Friday, October 27, 2017

When Numbers Lie

Perhaps - but probably not - you saw this brief article in El Tiempo recently:


Under the headline 'Ecological Vehicles Improve their Position,' the article boasts that the registration of electric and hybrid vehicles shot up in September by 26.3%. The writer doesn't seem to know basic math, since the previous months fewer than half such vehicles were registered, meaning that September actually saw a registration leap of way over 200%.

Potential relief for our lungs from Bogotá's polluted air? Don't be so hopeful.
'October started badly for car sales.'

Translated into absolute numbers, in September only 24 'green' vehicles were registered, and 9 and 11 in July and August. Those numbers are so measly as to be insignificant.

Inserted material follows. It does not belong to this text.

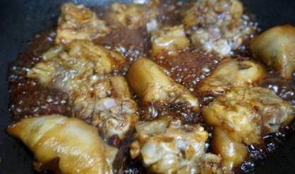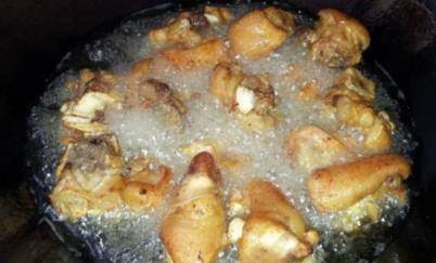 鍋中倒油,燒至九成熱時倒入豬蹄,炸到表皮酥脆撈出(實在扛不住,就戴個手套吧,這種天氣穿的比較厚,夏天就要在手臂上戴上袖套,油飛濺在手上真的很疼,還可以在鹵好的豬蹄瀝幹後撒上撒一點淀粉,會減少油飛濺,炸好後也會更加酥脆一些)。

After all, in the first half of October, 7,260 new vehicles were registered in Colombia, a number which the national retailers federation, Fenalco, called 'disappointing.'

At that rate, in a good month for 'ecological' vehicles and a 'bad' one for sales of conventional, smog-belching ones, the so-called 'green' vehicles accounted for only a little more than one tenth of one percent of all car sales.

(It's also worth recalling that, depending on the materials used to build them, particularly the battery, electrical vehicles can produce lots of environmental impact.)

Incomprehensibly, the government has even placed quotas on the number of ecological vehicles which can be imported each year, at about 5,000 annually thru 2027. I doubt they limit imports of conventional gas guzzlers. Of course, at the rate they're going, the imports will never come close to that number. E-vehicles are more expensive than conventional ones (altho less expensive to operate), environmental values here don't seem very strong, and Bogotá has few vehicle charging stations - and in fact removed some of them recently.

A Renault Twizy electric car in north Bogota, alongside a truly ecological vehicle.
Colombia provides some tax and import-duty benefits for importers and buyers of electric vehicles, but they obviously are not enough. And until the government gets serious, mostly by raising the price of gasoline, don't expect any real change.